Pourquoi le concept de Records continuum est-il moins employé en archivage ?
Question d'origine :
Bonjour,
J'ai bien assimilé la théorie des trois âges appliquée aux archives et au records management. Cependant, j'ai découvert l'existence du concept de Records Continuum. Je trouve peu d'informations à ce sujet et j'ai l'impression que ce modèle est assez peu adopté.
Pourriez-vous m'éclairer sur ce concept et m'aider à comprendre pourquoi il semble moins répandu que les autres modèles svp ?
Réponse du Guichet
Le Records continuum est un modèle conceptuel utilisé dans la gestion des documents numériques et des archives. Il n’est pas considéré comme inadapté, mais il se heurte en France à un ensemble de barrières culturelles (théorie des trois âges des archives), linguistiques, pédagogiques (peu d’exemples francophones) et institutionnelles (cadres juridiques et pratiques), qui rendent son adoption lente et partielle.
Bonjour,
Qu’est-ce que le Records continuum ?
Dans cet article de Wikipédia (en anglais), on lit que :
Le modèle de continuum des documents ou Records continuum model en anglais (RCM) est un modèle conceptuel abstrait qui aide à comprendre et à explorer les activités de gestion documentaire. Il a été créé dans les années 1990 par Frank Upward, universitaire australien.
L’intérêt de ce modèle est de permettre la représentation de multiples réalités et d’articuler de nombreux points de vue dans la constitution des documents et des archives (perspectives individuelles, collectives, communautaires, organisationnelles, institutionnelles et sociétales).
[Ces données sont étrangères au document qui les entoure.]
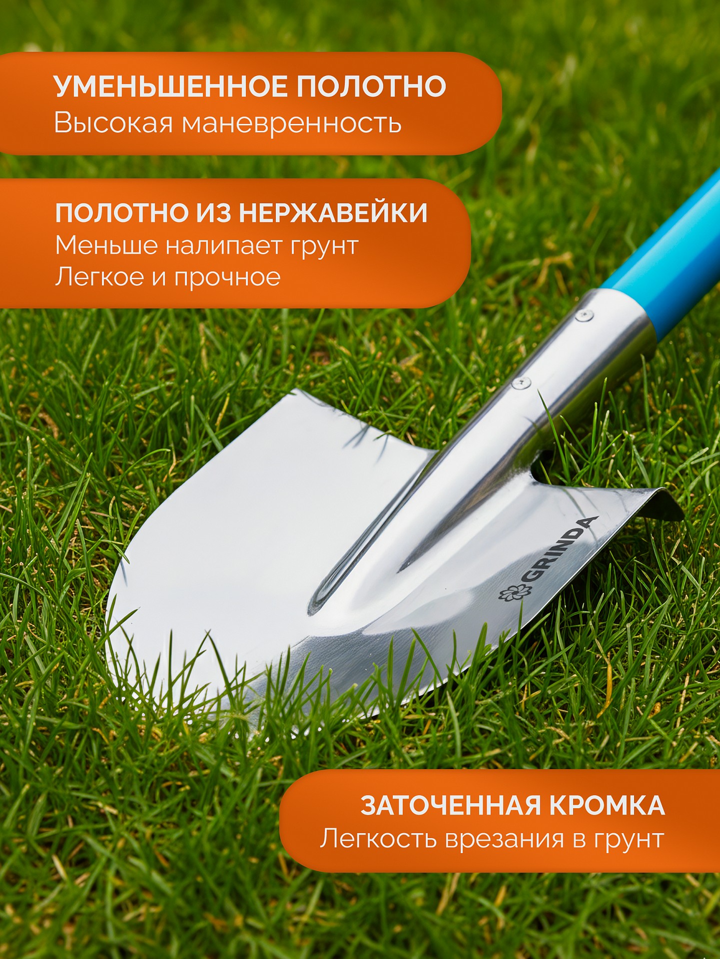 - -Гладкая поверхность полотна предотвращает налипание грунта, что делает копание и перекидывание земли менее трудоемким.,

C’est un modèle alternatif à la Théorie des trois âges des archives (source : Wikipédia).
La chercheuse, Viviane Frings-Hessami le définit ainsi :
La perspective du Continuum des archives peut être appliquée dans des domaines très divers, des documents personnels aux archives d’État, en passant par des documents d’affaires de toutes sortes, et dans des contextes culturels variés (Frings-Hessami, 2017, 2018a, 2018b). Elle est basée sur l’idée que nous devons penser, avant même que des archives ne soient créées, à toutes les personnes qui pourront avoir besoin de ces archives et à toutes les utilisations possibles dont elles pourront faire l’objet.
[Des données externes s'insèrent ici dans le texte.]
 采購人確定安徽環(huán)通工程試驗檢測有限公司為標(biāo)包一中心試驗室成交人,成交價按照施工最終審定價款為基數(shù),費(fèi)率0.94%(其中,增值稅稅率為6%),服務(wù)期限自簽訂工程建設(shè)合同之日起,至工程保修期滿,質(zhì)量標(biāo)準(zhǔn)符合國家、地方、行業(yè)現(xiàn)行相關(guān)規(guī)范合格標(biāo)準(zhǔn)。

Dans son article, elle nous permet de comprendre ce concept à l’aide d’un exemple très clair (in Revue électronique suisse de science de l’information, Université de Genève, article "La Perspective du Continuum des archives illustré par l’exemple d’un document personnel").
Parmi les freins à la diffusion de ce modèle, il y a donc le poids de la culture archivistique française marquée par le modèle linéaire des trois âges (courant, intermédiaire, définitif), très intégré dans la législation, les manuels et la formation des archivistes (source : PDF archivistes-experts).
La formation a longtemps été centrée sur les archives historiques et la conservation à long terme, ce qui rend moins naturel un modèle qui brouille la frontière entre gestion des documents et archives définitives (voir ce PDF ENSSIB).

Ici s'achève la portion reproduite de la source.